What the task requires →
Transcribe exactly, please, the lines from the one containing "私たちは、松山第一小学校の体" through the end of the records below, and leave out the pictures.

[Records excerpted from a collection]
====================

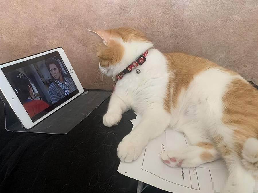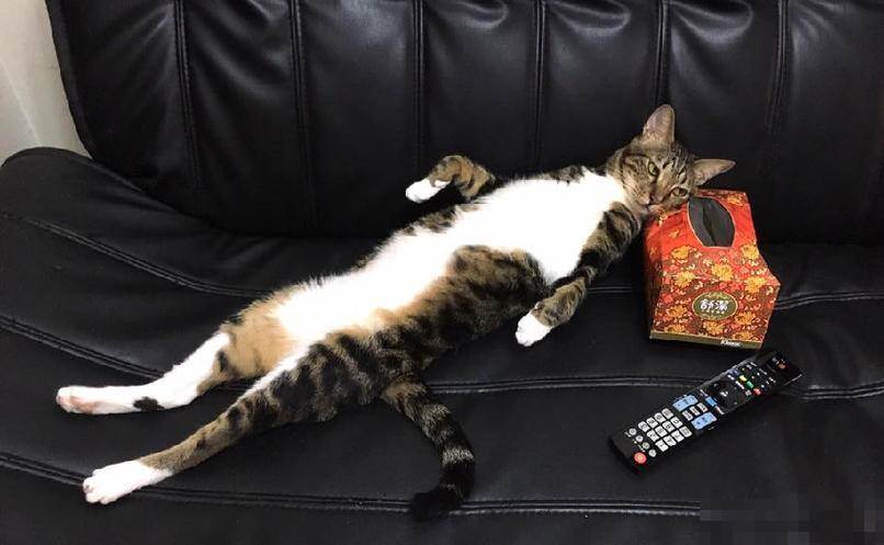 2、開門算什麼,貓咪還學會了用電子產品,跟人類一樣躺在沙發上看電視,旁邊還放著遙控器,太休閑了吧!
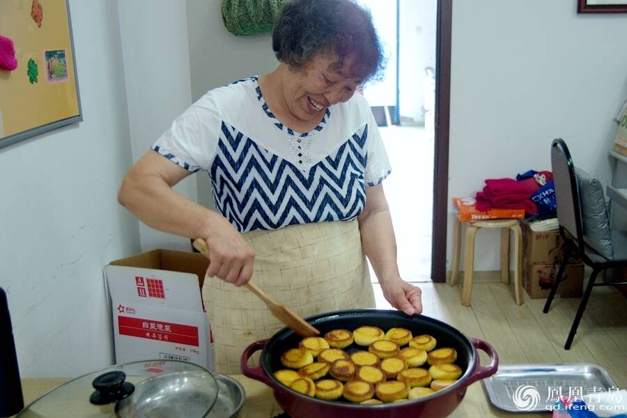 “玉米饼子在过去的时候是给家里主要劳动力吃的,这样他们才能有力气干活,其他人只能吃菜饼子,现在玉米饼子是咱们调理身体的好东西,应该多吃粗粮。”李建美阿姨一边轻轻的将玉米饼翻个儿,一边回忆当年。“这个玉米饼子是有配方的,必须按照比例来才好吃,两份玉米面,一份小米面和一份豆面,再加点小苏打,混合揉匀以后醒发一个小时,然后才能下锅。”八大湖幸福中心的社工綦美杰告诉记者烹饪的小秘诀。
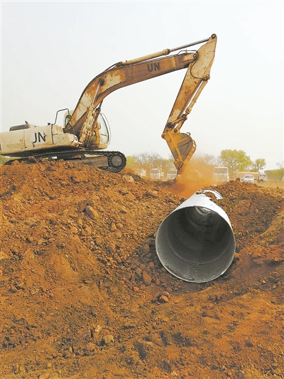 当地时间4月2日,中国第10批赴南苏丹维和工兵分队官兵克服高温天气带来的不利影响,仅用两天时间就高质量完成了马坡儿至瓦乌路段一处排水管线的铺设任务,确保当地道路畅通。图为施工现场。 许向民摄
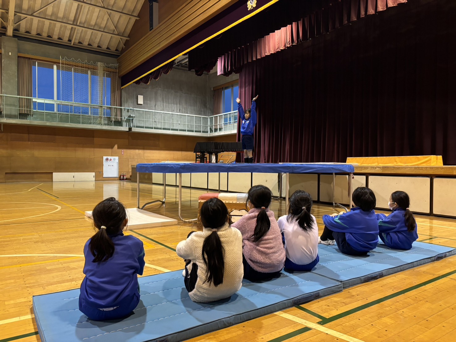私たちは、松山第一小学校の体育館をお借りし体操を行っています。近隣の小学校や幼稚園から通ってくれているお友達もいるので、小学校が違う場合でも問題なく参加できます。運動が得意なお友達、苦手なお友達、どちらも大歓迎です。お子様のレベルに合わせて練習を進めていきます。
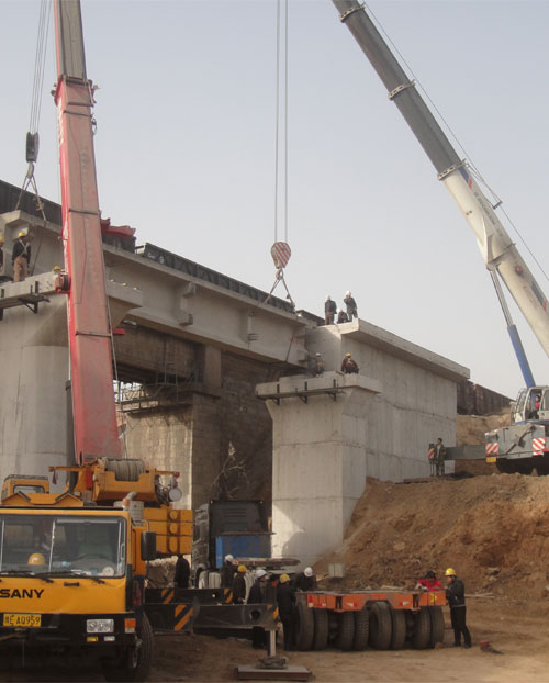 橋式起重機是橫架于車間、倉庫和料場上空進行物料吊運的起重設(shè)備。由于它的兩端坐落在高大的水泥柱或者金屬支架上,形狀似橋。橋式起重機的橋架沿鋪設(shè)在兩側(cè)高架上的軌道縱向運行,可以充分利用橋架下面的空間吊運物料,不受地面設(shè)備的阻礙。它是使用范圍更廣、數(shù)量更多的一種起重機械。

====================

Written solution →
私たちは、松山第一小学校の体育館をお借りし体操を行っています。近隣の小学校や幼稚園から通ってくれているお友達もいるので、小学校が違う場合でも問題なく参加できます。運動が得意なお友達、苦手なお友達、どちらも大歓迎です。お子様のレベルに合わせて練習を進めていきます。
 橋式起重機是橫架于車間、倉庫和料場上空進行物料吊運的起重設(shè)備。由于它的兩端坐落在高大的水泥柱或者金屬支架上,形狀似橋。橋式起重機的橋架沿鋪設(shè)在兩側(cè)高架上的軌道縱向運行,可以充分利用橋架下面的空間吊運物料,不受地面設(shè)備的阻礙。它是使用范圍更廣、數(shù)量更多的一種起重機械。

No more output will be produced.